── DATA EXCERPT ──
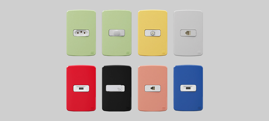 Os módulos estão disponíveis nas cores branco e preto e em diversas opções, como tomada, carregador USB, interruptor, rede de dados, telefonia, TV, pulsador para campainha e muito mais, levando funcionalidade e praticidade para o seu dia a dia.
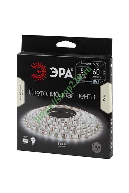 Лента светодиодная 14Вт/м 12В IP65 белый 6500K LS5050-14,4-60-12-6500K-IP65 ЭРА (уп.5м.)
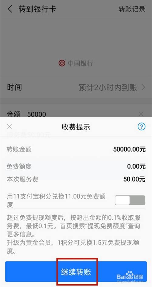 输入小额度转账金额后,点击继续转账并输入支付密码即可。
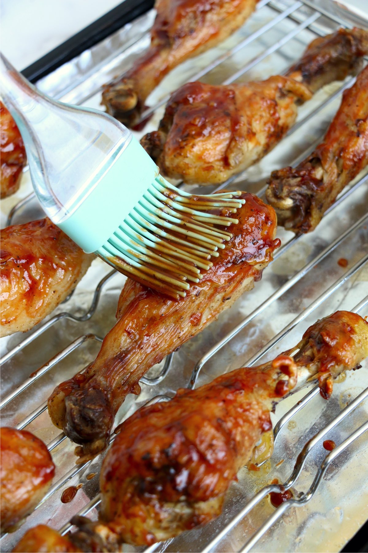 Step 8: Remove chicken from the oven and brush BBQ sauce over them.
───
**ACTION ITEM**
Give back the whole listing as it stands, minus its pictures.

**YOUR SOLUTION**
 Os módulos estão disponíveis nas cores branco e preto e em diversas opções, como tomada, carregador USB, interruptor, rede de dados, telefonia, TV, pulsador para campainha e muito mais, levando funcionalidade e praticidade para o seu dia a dia.
 Лента светодиодная 14Вт/м 12В IP65 белый 6500K LS5050-14,4-60-12-6500K-IP65 ЭРА (уп.5м.)
 输入小额度转账金额后,点击继续转账并输入支付密码即可。
 Step 8: Remove chicken from the oven and brush BBQ sauce over them.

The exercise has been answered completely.